Presenting the project at the ”Women, Music and the World” seminar

Written by Nina Öhman

 

The World Wide Women team presented the project publicly for the first time on November 13th 2021 in the Etnosoi! seminar ”Women, Music and the World.” At the seminar, the team members talked about their own projects and showed related video clips or played music. The presentations centered on female musicians and the crossing of different kinds of boundaries. The seminar gathered about 30 listeners into the Maijansali hall of the Central Library Oodi; their participation demonstrated the interest of the audience towards research on women’s musical life.

Jenni Hanikka
Jenni Hanikka

As a whole, the team’s presentations emphasized music’s great importance as a means of self-expression for women around the world. For many female musicians and their audiences, music is not just a “decoration” of everyday life, not just entertainment (although it can also be that), but musical activities give them a possibility for expressing a social stance, for encaging in activism and for creating visions of a better future.

As the presentations demonstrated, women’s work in music is often transgressive and challenges social expectations. For example, the musical collaboration between Marjo Smolander and Awa Sané (a.k.a. Eve Crazy) helped them to find a common ground and deal with the position of women in society and within the family.
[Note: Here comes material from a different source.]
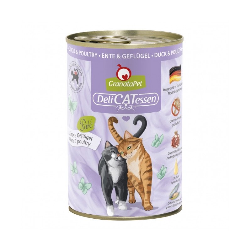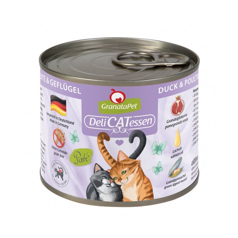 Zusammensetzung: Enten- und Geflügelfleisch 72 % (Ente 36 % bestehend aus Muskelfleisch, Herz, Magen und Geflügel 36 % bestehend aus Muskelfleisch, Herz, Magen, Leber), Enten- und Geflügelbrühe 24,9 %, Granatapfelkerne 1 %, Lachsöl 1 %, Mineralstoffe 1 %, Grünlippmuschel 0,1 %

Their music video opposes violence towards women through its music and visuals.

Marjo Smolander
Marjo Smolander

Ying-Hsien Chen presented her ethnographic research on the kantele playing of Japanese women. For them, kantele playing enables a peaceful state for the individual and a female musical space for the community of kantele enthusiasts. Jenni Hanikka for her part presented Malian flutes, which are traditionally associated with men. She also played traditional Malian music arranged in her own style with the flutes. Additionally, a montage of the documentary film about Bolivian cholita groups called When I’m on Stage, I Rule by Siboné Oroza and Antti Nordin was shown. They also told about the different stages of the film production and the choices they had made while shooting the film.

The presentations in the event introduced in many ways the music in women’s lives as a rich and unique research topic. Like for example the film about cholita artists showed, combined with other art forms, such as dance and visual expression, music offers endless opportunities for creating social impact.

Siboné Oroza
Siboné Oroza

After the presentation, we discussed among other themes how a researcher’s or a musician’s social position influences how they are received in the field, as well as the results of a study. The speakers told about negotiations that often were not related to their work but rather to local social norms and the expectations towards then as objects of romantic interest, researchers, musicians or mothers. During the discussion it was also stated that female researchers/musicians and their collaborators may find a common ground for their work exactly through their gender identity. On the other hand, other aspects of identity can define positions of power or build relationships in different ways.

Overall, the presentations of the event demonstrated how music enables the processing of problems relating to inequality and the reflection of the root causes of inequality. At the same time, the presentations provided a diverse picture of the joys of women’s musical activities for both the musicians and their audiences. In addition to joy, women’s musical activities produce new ideas and knowledge that expand our understanding of the world.